-- WORK REQUIRED --
After dropping the pictures, give again exactly the lines of the data from its first line through the line with "通过排气管道冲洗、独立供水管", which is included as well.
:: AVAILABLE RECORDS
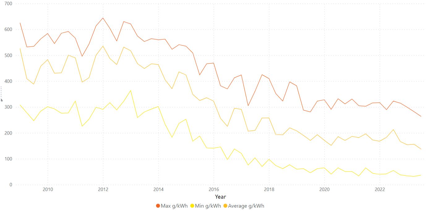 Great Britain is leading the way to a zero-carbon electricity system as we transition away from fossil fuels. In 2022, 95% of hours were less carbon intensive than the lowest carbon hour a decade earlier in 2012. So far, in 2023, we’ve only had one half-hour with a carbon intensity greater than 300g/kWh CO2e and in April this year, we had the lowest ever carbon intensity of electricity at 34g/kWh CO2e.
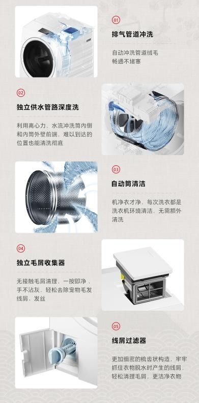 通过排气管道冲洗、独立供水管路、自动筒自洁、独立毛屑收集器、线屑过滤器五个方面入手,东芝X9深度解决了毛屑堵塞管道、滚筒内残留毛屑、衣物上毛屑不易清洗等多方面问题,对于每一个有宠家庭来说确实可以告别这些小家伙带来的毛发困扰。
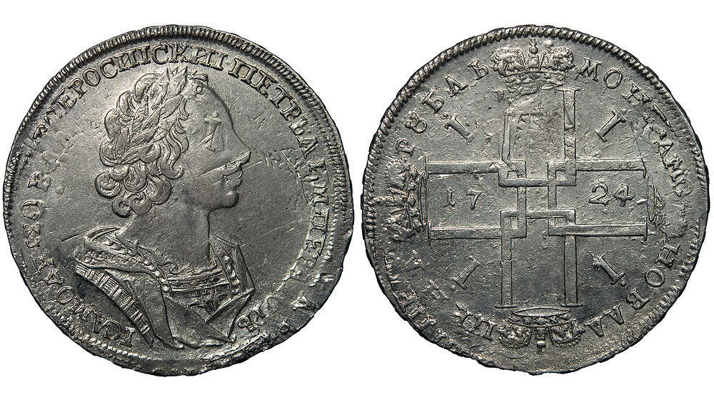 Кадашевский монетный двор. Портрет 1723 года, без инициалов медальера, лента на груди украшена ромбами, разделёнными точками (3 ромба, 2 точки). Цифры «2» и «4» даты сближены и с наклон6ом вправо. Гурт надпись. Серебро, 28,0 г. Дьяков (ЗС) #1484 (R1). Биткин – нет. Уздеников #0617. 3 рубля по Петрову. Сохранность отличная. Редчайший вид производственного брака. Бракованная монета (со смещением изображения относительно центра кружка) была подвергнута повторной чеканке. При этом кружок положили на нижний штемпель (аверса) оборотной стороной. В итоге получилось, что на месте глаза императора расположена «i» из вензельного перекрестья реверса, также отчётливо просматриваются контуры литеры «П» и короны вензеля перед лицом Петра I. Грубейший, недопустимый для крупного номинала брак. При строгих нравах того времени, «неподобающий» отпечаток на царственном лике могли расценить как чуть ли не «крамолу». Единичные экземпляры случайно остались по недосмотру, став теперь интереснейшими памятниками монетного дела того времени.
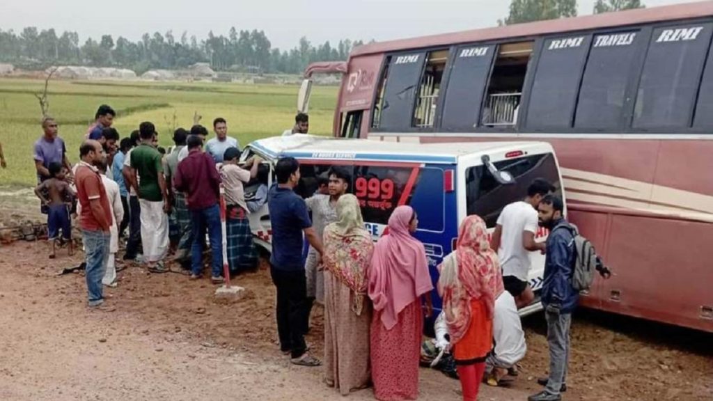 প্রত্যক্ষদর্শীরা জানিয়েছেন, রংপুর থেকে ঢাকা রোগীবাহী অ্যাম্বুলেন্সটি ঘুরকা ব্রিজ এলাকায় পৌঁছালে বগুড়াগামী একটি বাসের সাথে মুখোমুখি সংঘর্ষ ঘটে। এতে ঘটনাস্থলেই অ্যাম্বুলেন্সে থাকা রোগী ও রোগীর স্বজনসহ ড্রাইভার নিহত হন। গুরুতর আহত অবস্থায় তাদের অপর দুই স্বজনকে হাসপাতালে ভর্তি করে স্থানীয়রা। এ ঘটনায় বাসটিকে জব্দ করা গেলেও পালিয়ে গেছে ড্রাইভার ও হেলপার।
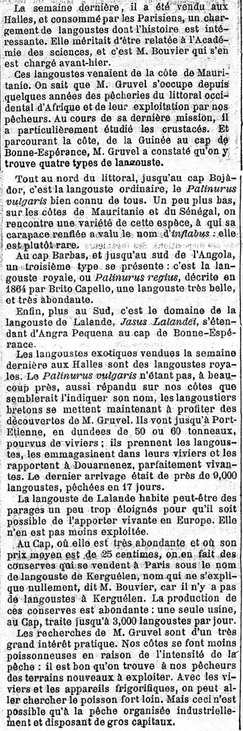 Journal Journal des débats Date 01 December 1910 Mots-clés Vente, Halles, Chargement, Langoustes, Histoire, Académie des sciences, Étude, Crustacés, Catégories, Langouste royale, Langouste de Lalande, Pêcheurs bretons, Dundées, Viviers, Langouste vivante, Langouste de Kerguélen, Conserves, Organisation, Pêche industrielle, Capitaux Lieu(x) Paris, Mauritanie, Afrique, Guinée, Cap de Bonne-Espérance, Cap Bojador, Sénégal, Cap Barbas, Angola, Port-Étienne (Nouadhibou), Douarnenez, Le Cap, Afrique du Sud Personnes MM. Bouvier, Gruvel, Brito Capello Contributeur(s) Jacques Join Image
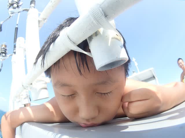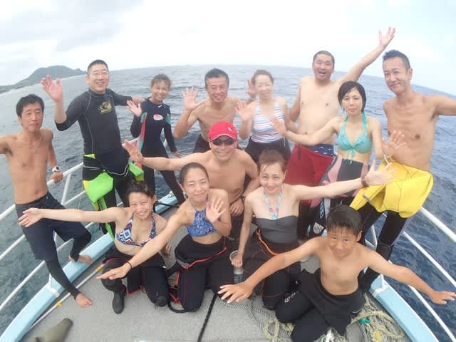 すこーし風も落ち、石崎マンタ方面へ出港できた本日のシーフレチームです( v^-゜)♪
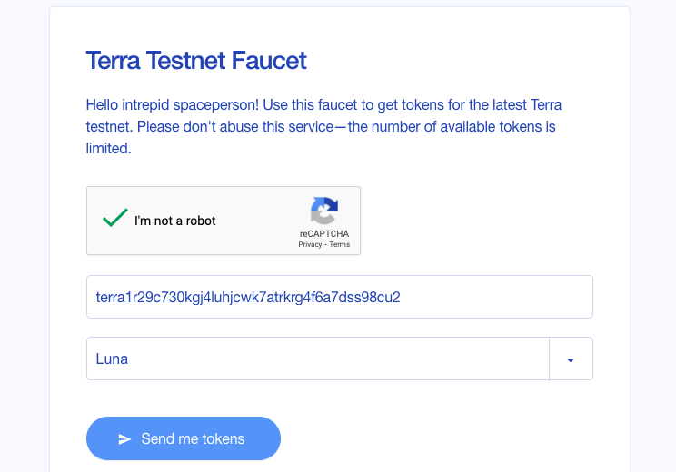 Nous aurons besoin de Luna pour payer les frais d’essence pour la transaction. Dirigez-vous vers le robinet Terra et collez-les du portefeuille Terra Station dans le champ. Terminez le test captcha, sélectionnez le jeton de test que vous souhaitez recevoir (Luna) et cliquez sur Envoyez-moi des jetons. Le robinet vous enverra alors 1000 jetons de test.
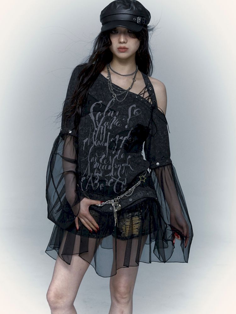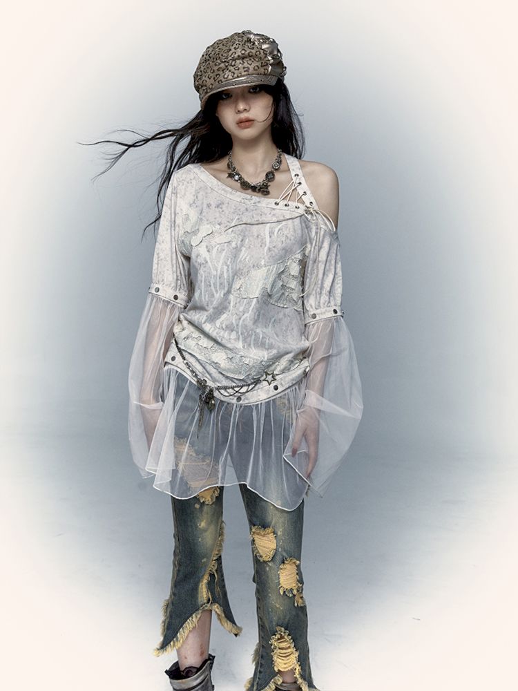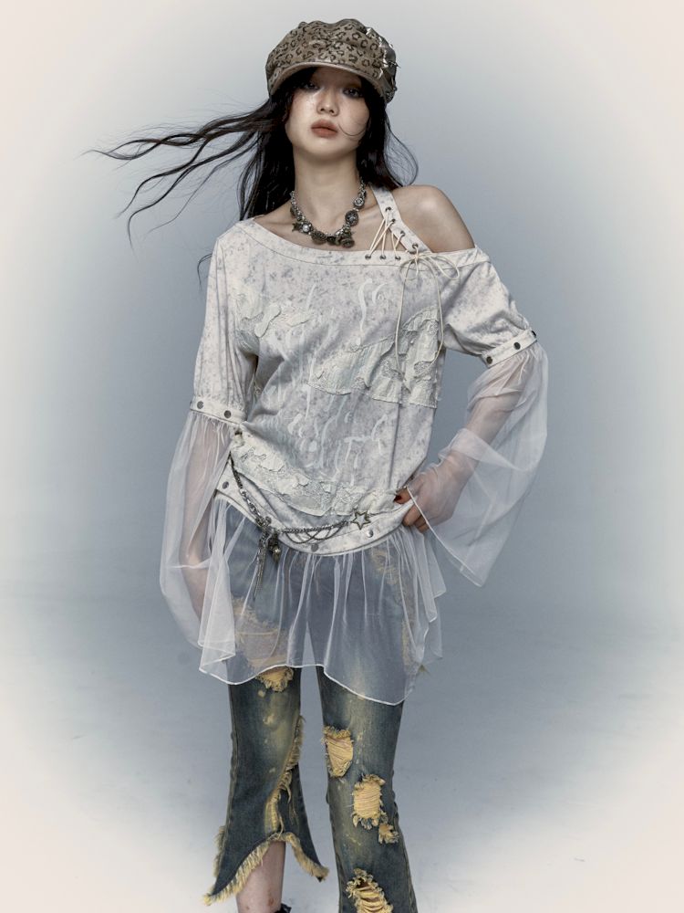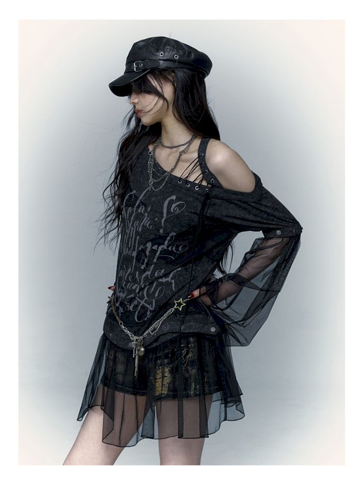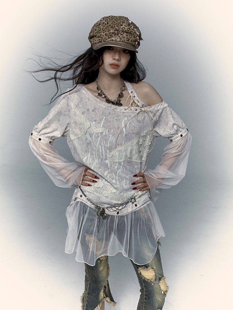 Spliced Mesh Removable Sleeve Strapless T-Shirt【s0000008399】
::::
-- TASK RESPONSE --
 Great Britain is leading the way to a zero-carbon electricity system as we transition away from fossil fuels. In 2022, 95% of hours were less carbon intensive than the lowest carbon hour a decade earlier in 2012. So far, in 2023, we’ve only had one half-hour with a carbon intensity greater than 300g/kWh CO2e and in April this year, we had the lowest ever carbon intensity of electricity at 34g/kWh CO2e.
 通过排气管道冲洗、独立供水管路、自动筒自洁、独立毛屑收集器、线屑过滤器五个方面入手,东芝X9深度解决了毛屑堵塞管道、滚筒内残留毛屑、衣物上毛屑不易清洗等多方面问题,对于每一个有宠家庭来说确实可以告别这些小家伙带来的毛发困扰。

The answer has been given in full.